EG-nummer: ES-PDO-0005-0943-24.01.2012
BGA ( ) BOB ( X )
1. Naam
„Miel de Tenerife”
2. Lidstaat of derde land
Spanje
3. Beschrijving van het landbouwproduct of levensmiddel
3.1. Productcategorie
Categorie 1.4. | Andere producten van dierlijke oorsprong (eieren, honing, zuivelproducten behalve boter, enz.) |
3.2. Beschrijving van het product waarvoor de in punt 1 vermelde naam van toepassing is
„Miel de Tenerife”: de honing die door honingbijen op het eiland Tenerife wordt geproduceerd uit de nectar van de bloemen of uit de afscheidingsproducten van andere delen van de planten die groeien in de verschillende ecosystemen van Tenerife. De honing wordt geproduceerd in bijenkasten met uitneembare raten en ondergaat tijdens de verwerking geen warmtebehandelingen. Hij is verkrijgbaar in vloeibare, vaste of gekristalliseerde vorm, alsook in hele raten of in delen daarvan.
De honing wordt gekenmerkt door een grote verscheidenheid aan kleuren, smaken en soorten die de verscheidenheid van de ecosystemen en de flora van het eiland weerspiegelen.

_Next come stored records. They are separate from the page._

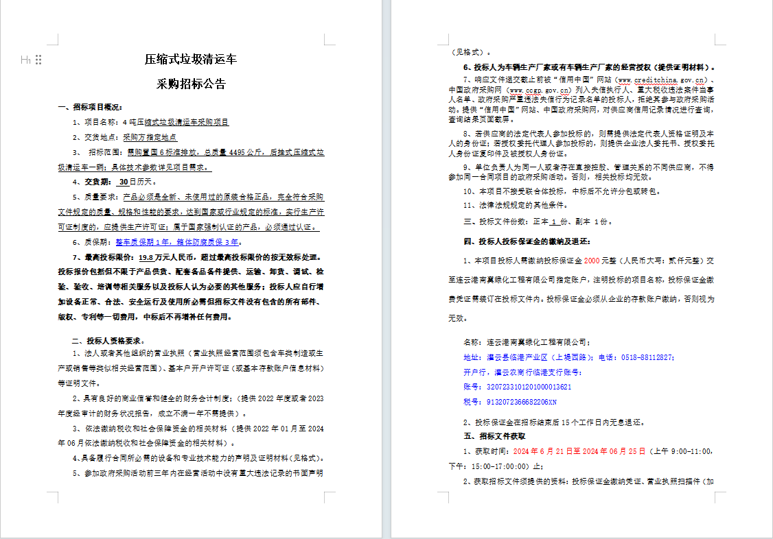 壓縮式垃圾清運(yùn)車采購招標(biāo)公告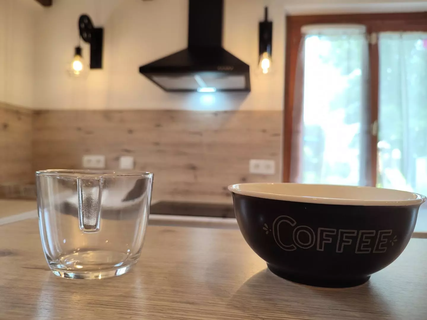 -Cuisine ( four, micro-onde, bouilloire, cafetière, grille-pain) ouverte sur séjour/salon,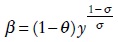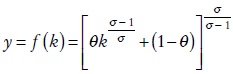 la que Y es el valor agregado, K el capital, A el cambio tecnológico, L el trabajo y σ es la elasticidad de sustitución entre el capital y el trabajo. Dividiendo entre AL para expresar la función de producción en unidades efectivas de trabajo, obtenemos:

„Miel de Tenerife” kan een van de volgende honingsoorten zijn:
— | Multiflorale honing: In deze honingsoort overheersen geen specifieke kenmerken van één bepaalde botanische soort. Hij vertoont de kenmerken van een mengeling van soorten. |
— | Monoflorale honing: In deze honingsoort domineren de specifieke kenmerken van één bepaalde botanische soort. Monoflorale honing bezit de organoleptische, fysisch-chemische en melissopalynologische eigenschappen die voor elke soort in deze specificaties zijn vastgelegd. De volgende monoflorale honingen vallen onder de BOB „Miel de Tenerife”: teidebremhoning, slangenkruidhoning, avocadohoning, tammekastanjehoning, heidehoning, pluimrakethoning, ijsplanthoning, venkelhoning, bystropogonhoning, agavehoning, driedistelhoning en pekklaverhoning. |
— | Honingdauwhoning. |
Gemeenschappelijke kenmerken van alle honingen van de BOB „Miel de Tenerife”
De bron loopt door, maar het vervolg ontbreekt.